Quali sfide dovrà affrontare il Ticino in ambito agricolo?
 
«Le nostre coltivazioni non riescono a produrre a sufficienza per la popolazione, circa il 40-50% del raccolto viene infatti importato e, come nazione, siamo a serio rischio alimentare. L’agricoltura rimane importante perché qui è controllata, dando garanzie ai consumatori e tutelando l’ambiente, mentre ciò che arriva dall’estero lo è sicuramente meno. In Gran Consiglio, uno dei miei cavalli di battaglia è la protezione del suolo, che è la base per avere una produzione locale. La salvaguardia del territorio agricolo è un dovere che tocca tutti noi poiché ha valenza di interesse pubblico».

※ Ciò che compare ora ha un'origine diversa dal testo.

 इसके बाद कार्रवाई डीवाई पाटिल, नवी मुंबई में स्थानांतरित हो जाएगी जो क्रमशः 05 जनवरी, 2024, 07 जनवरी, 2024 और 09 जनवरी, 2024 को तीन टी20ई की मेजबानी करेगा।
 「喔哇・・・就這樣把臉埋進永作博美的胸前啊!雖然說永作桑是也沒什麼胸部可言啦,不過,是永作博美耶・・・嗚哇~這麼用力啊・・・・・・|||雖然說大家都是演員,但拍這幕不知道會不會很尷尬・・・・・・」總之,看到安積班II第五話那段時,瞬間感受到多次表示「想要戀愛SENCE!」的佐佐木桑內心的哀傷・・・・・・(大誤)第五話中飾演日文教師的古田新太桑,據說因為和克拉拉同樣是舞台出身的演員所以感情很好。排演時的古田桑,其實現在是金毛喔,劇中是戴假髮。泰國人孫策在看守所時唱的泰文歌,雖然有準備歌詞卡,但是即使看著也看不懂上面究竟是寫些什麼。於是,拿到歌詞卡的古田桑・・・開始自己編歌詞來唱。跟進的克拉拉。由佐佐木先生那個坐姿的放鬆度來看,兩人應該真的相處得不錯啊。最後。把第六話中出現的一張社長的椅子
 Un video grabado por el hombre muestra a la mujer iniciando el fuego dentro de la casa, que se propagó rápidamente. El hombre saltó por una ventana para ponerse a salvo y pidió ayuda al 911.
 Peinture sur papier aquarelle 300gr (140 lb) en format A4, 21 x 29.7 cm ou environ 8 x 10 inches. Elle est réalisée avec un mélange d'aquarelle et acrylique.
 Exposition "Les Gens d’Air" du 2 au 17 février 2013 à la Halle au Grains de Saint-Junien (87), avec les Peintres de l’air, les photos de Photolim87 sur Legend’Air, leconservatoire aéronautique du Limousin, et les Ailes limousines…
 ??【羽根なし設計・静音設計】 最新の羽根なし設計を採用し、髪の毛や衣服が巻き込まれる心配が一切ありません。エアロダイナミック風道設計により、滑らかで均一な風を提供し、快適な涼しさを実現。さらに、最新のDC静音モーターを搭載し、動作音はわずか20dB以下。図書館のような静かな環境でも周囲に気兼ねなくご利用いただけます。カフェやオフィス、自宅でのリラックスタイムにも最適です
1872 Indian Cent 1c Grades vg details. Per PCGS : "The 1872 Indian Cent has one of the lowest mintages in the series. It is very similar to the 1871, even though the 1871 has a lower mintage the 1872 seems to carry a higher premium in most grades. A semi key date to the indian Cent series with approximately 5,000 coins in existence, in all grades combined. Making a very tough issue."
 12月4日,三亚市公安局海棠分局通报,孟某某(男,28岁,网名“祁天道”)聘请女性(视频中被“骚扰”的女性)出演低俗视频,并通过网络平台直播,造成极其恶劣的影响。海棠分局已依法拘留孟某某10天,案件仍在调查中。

Una vita tra i pascoli scozzesi e la politica ticinese
Sindaco del comune di Alto Malcantone e deputato in Gran Consiglio per il PPD + Generazione giovani. Giovanni Berardi è molto attivo in politica e si batte per la categoria che rappresenta, quella degli agricoltori. L’ingegnere agronomo, che ha seguito i suoi studi al Politecnico di Zurigo, possiede un’azienda bio di allevamento di mucche da carne, tutte di razza scozzese Highland. Il suo pascolo vuole essere caratterizzato da un “ciclo chiuso” di elementi nutritivi, dove gli animali vengono spostati stagionalmente per poter fertilizzare il terreno autonomamente, in modo da essere in sintonia con la natura.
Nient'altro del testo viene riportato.